Post
Topic
Board Project Development
Topic OP
Threat Model for Colored Coins
by
gendal
on 30/05/2013, 12:11:30 UTC
(Sorry if this is the wrong forum)

One of the most interesting topics I learned about at the Bitcoin 2013 conference was the idea of Colored Coins.  However, I'm unable to convince myself that implementing them on top of Bitcoin would have the same security characteristics that exist for Bitcoin itself.

In particular, what is the chain of reasoning that demonstrates that the set of incentives that protect Bitcoin from an economically-motivated 51% attack also apply when certain Bitcoins are colored?

More precisely, here is what I have in mind:

* For Bitcoin itself, an economically rational actor has little incentive to perform a 51% attack to steal Bitcoins (by double-spending, say) since undermining the integrity of the network would reduce/destroy the value of the very coins the attacker was seeking to steal.  Thus, the only actors one would expect to engage in a 51% attack would be those with a non-economic motive (governments, perhaps).  Perhaps another way of saying it is that the possessor of huge amounts of compute power has more to gain by participating in the system than by seeking to thwart it.

* However, if one now turns attention to colored coins, the incentives change.  These are coins with some connection to the "real world": possessing one might entitle the possessor to income from shares or title to a physical asset, etc, etc.  As such, the value of the assets represented by colored coins could be orders of magnitude greater than the value of the underlying Bitcoins themselves.   Therefore, an economically-rational attacker set on stealing real-world assets may no longer care about the value of Bitcoins (or a subsequent failure of the system) since their eyes are on a different goal.

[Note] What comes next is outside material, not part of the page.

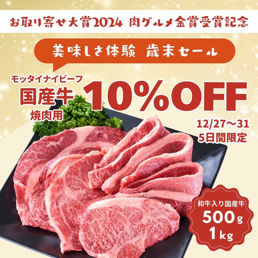 受賞を記念しまして、モッタイナイビーフ公式オンラインストアでは2024年12月27日(金)から31日(火)にかけて“おいしさ体験 歳末セール”として、受賞した「モッタイナイビーフ 国産牛 焼肉用」が10%OFFでお買い求めいただけるセールを実施中です。

* So... if there were ever a colored Bitcoin that was worth vastly more than the underlying Bitcoin that "carried" its color, why would an attacker not, say, acquire the colored coins for fiat, sell them to somebody else for fiat and then, once the fiat was safely received, mount a 51% attack to reverse the "sale"?   The end-result would be that the attacker had both the original fiat *and* a blockchain that recorded them as the owner of the asset.  If the (BTC) value of the double-spent Bitcoins was low (imagine 1 colored Satoshi that represents one million Apple Shares), one could imagine a scenario where the core Bitcoin network shrugged off the issue as an aberration and the attacker was now recorded as the rightful owner of a stolen asset.  Equally, one could imagine that this fatally undermines the Bitcoin system yet the attacker still potentially has title to the asset.

* Of course, the 51% attack is just an example - the wider point I'm trying to make is that it is not immediately obvious that the economic incentives that help protect Bitcoin from various attacks are still effective in the presence of highly valuable colored coins.

Am I missing something?  Is this something that one would expect to be covered in the legal agreements that "link" a real-world asset to a particular set of colored coins? Something else?